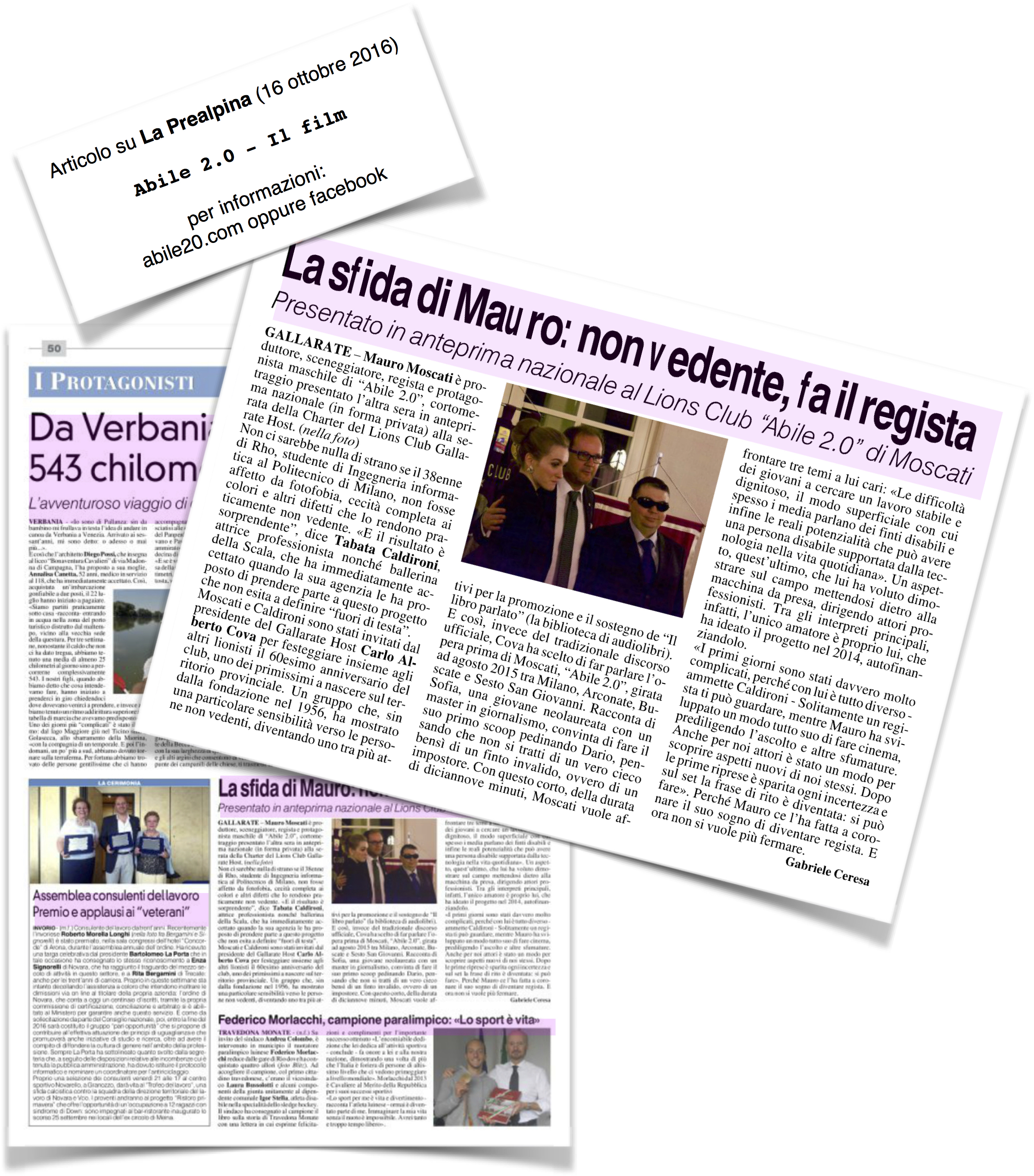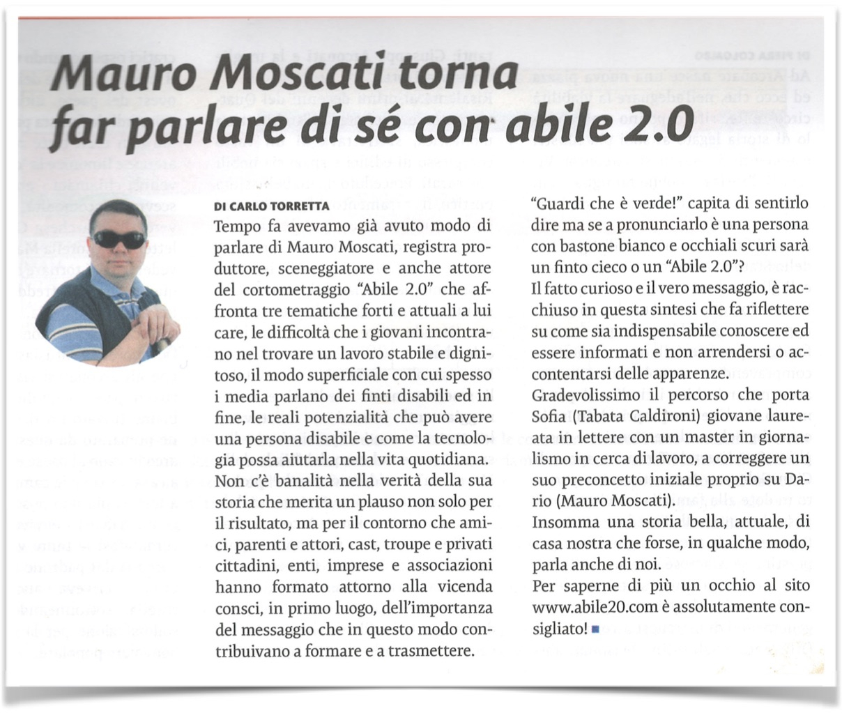 - Articolo “MAURO MOSCATI CON ‘ABILE 2.0′ APRE GLI OCCHI AI VEDENTI” pubblicato il 26/11/2015 su puntocontinenti.it
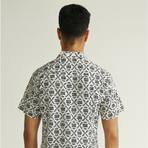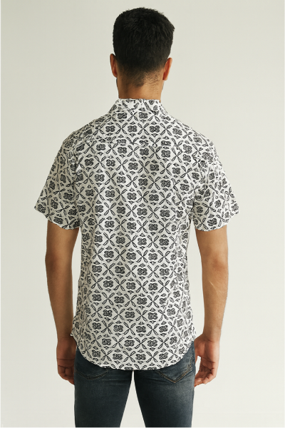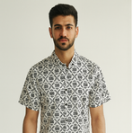 A contemporary short-sleeve shirt in white with intricate black floral motifs. A versatile pick for both casual and semi-formal looks.
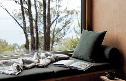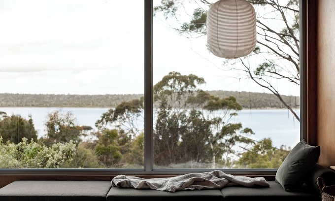 Extensive double glazing brings nature’s finer details close-in to the living spaces while also drawing to the wider view. You may glimpse pademelons scuttling into the bush and superb fairy wrens darting around the native grasses in the courtyard. Sea eagles, black cockatoos, and pelicans fly above the treetops, while black swans gather on the bay below.
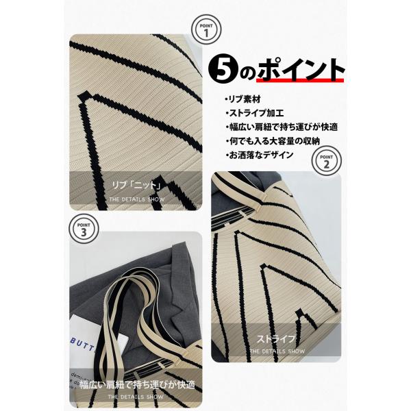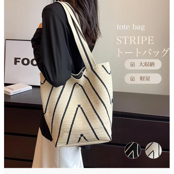 トートバッグ レディース 大容量 大きめ 軽い 肩掛けバッグ ストライプ マザーズバッグ 軽量 手提げバッグ ニットバッグ トート A4 通勤 通学 旅行 爆買
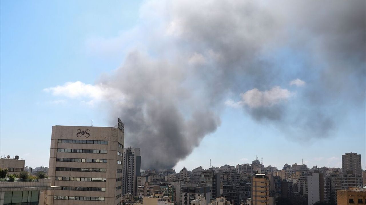 Beyrut'un nüfus yoğunluğu bulunan noktaları da dahil Dahiye bölgesinde hedef alınan noktalardan dumanlar yükseliyor.
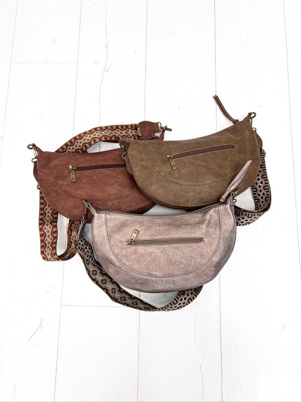 Pratique et tendance, ce sac bandoulière adopte une forme demi-lune moderne qui s’adapte à tous les styles. Son format idéal permet de transporter vos essentiels du quotidien, tandis que sa bandoulière large et imprimée apporte une touche originale et confortable.
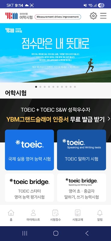 التطبيق الذي يمكن استخدامه بسهولة من معلومات جدول الاختبار ، وتسجيل الاختبار إلى التحقق من الدرجة لجميع اختبارات اللغة التي تديرها YBM
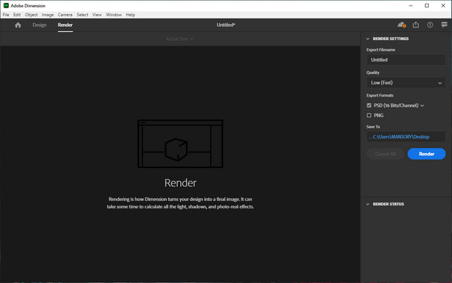 Программное обеспечение Adobe Dimension CC упрощает создание 2D- и 3D-ресурсов для рекламных постеров, визуализации сцен и абстрактных художественных произведений в реалистичной среде. Программное обеспечение Adobe Dimension CC позволяет просто перетаскивать графику или логотипы на модель и настраивать материалы по своему вкусу. Поддерживается экспорт в Photoshop, при этом можно редактировать любой слой и даже изменять освещение в модели или шаблоне.
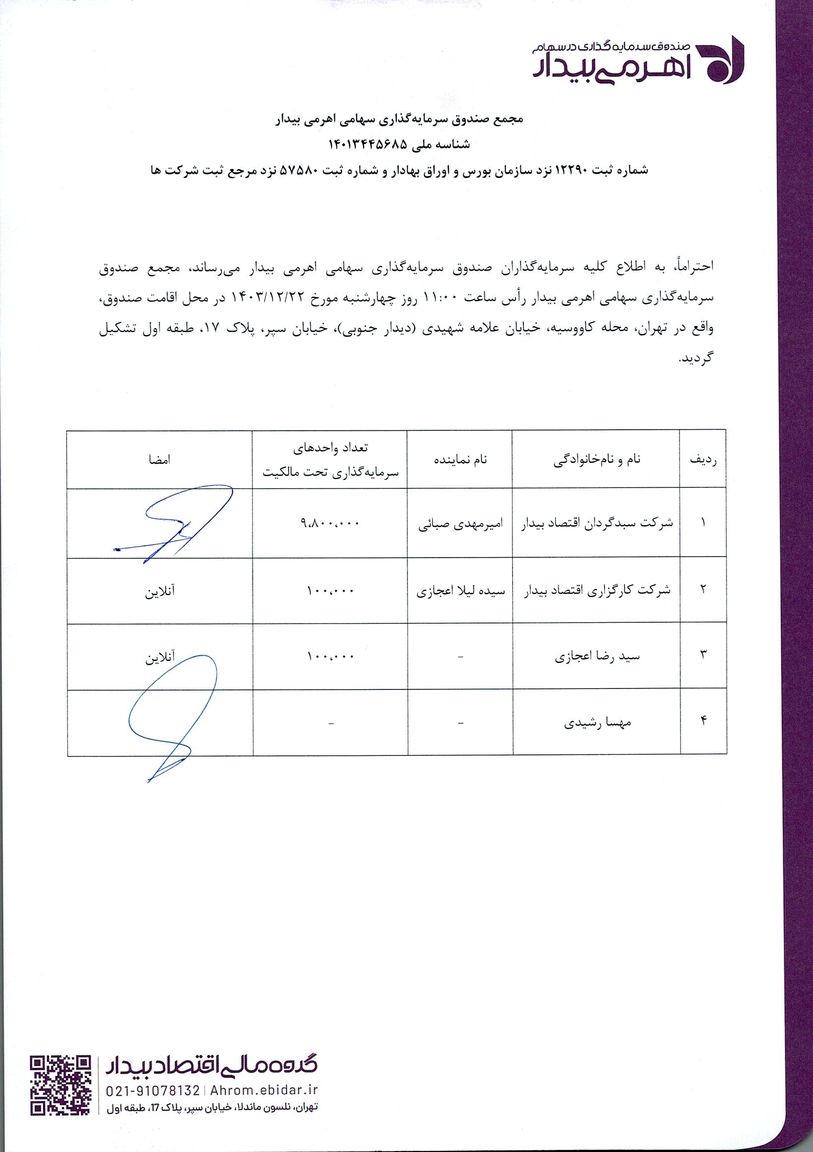 صورتجلسه مجمع صندوق سرمايه گذاري سهامي اهرمي بيدار مورخ 1403.12.22 ( تغییر کارمزد مدیر صندوق)

### TASK DESCRIPTION:
Going by the entries above, repeat exactly the lines that start at the line with "トートバッグ レディース 大容量" and go on through the line with "التطبيق الذي يمكن". Pictures are not part of the copy.

### REPLY:
 トートバッグ レディース 大容量 大きめ 軽い 肩掛けバッグ ストライプ マザーズバッグ 軽量 手提げバッグ ニットバッグ トート A4 通勤 通学 旅行 爆買
 Beyrut'un nüfus yoğunluğu bulunan noktaları da dahil Dahiye bölgesinde hedef alınan noktalardan dumanlar yükseliyor.
 Pratique et tendance, ce sac bandoulière adopte une forme demi-lune moderne qui s’adapte à tous les styles. Son format idéal permet de transporter vos essentiels du quotidien, tandis que sa bandoulière large et imprimée apporte une touche originale et confortable.
 التطبيق الذي يمكن استخدامه بسهولة من معلومات جدول الاختبار ، وتسجيل الاختبار إلى التحقق من الدرجة لجميع اختبارات اللغة التي تديرها YBM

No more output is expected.